Kulibins on the forums made it possible to look for pictures on the screen, unfortunately this function did not meet my requirements due to unnecessary simplifications and a lot of restrictions. It works only under Windows, requires installation.
Requires compiling for use on other machines, there is no way to quickly correct the script, if AutoIt is not installed.
AutoHotKey - uses its syntax for writing scripts, which still need to be studied for a long time, it would be more correct to call it “horrible”. It is difficult to do anything with really extensive logic without proper habit. The search for pictures on the screen is too curtailed and did not fit my needs.
It has several ports for Linux / Unix systems, requires installation
Clickermann - uses its own language to write scripts that still need to be learned. Due to simplifications, functionality has been reduced, for example, the same http requests.
There is no search for pictures on the screen, although there is a primitive search for pixels.
UOPilot - attached to the processes that did not suit me, there are diseases like Clickermann. No cross-platform, large scripts are not convenient to write.
There were also many macros, most of which worked on the “repeat after me” principle by memorizing and repeating user actions, which, in turn, does not allow creating anything with an extensive algorithm of actions with a bunch of if and while.
And the rest were banal, there was no search function for any icons on the screen.
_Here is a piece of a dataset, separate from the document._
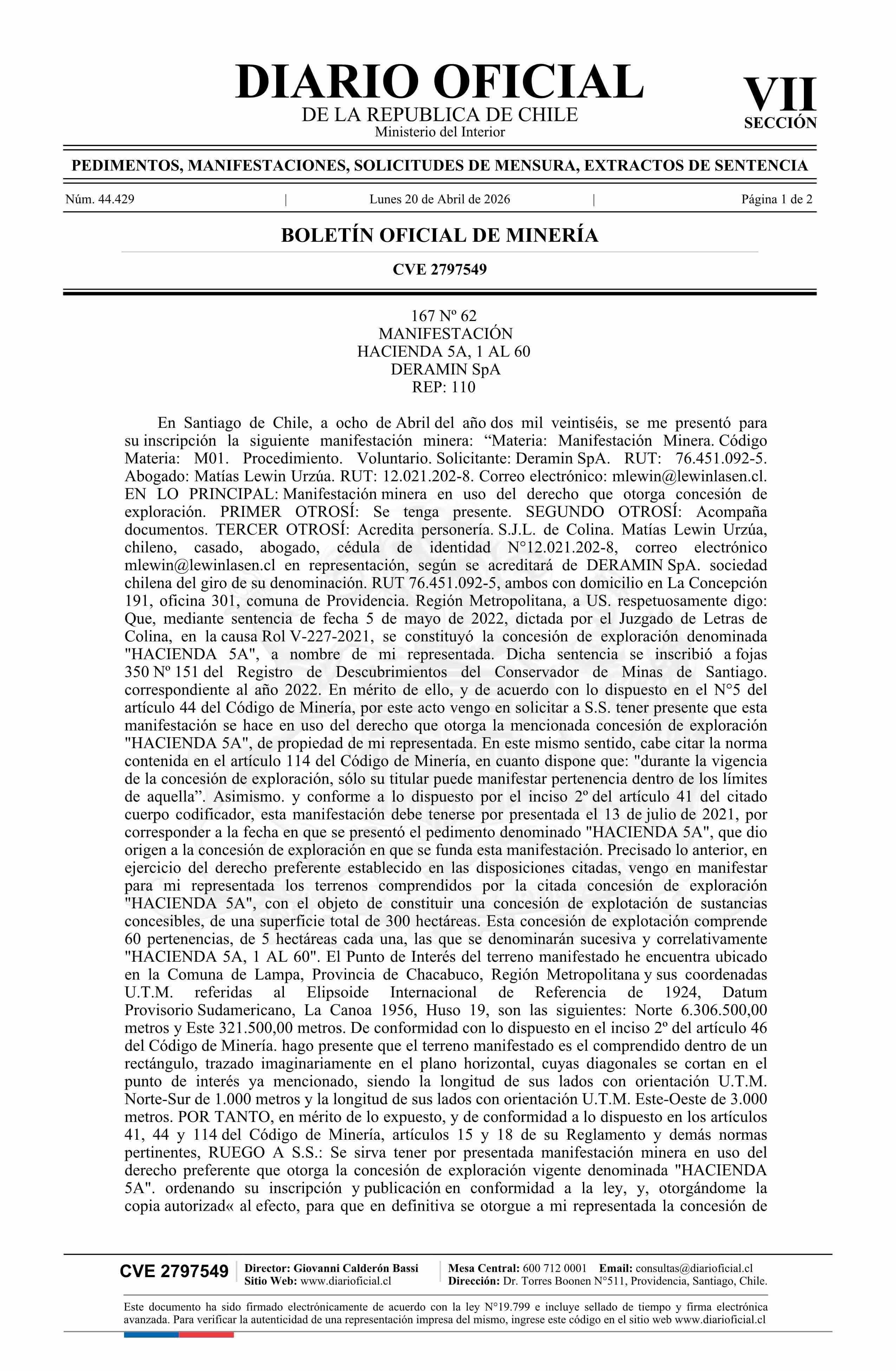 HACIENDA 5A, 1 AL 60 / Deramin SpA 20-04-2026 DIARIO OFICIAL CHILE - BOLETÍN OFICIAL DE MINERÍA |

I read the article , the author made a bot to get a discount for laser vision correction. The article describes many of the problems encountered in the course of writing. Most of these problems arose precisely because of understandable simplifications and the crutch was solved by a new crutch, I advise an article to read.
Choosing technology for your own bike
From the outset, it was decided to use Java SE to write the kernel itself, which in turn saved time, as I use Java most often. In addition, he was familiar with the Robot class, which allows simulating mouse and keyboard controls in a convenient form.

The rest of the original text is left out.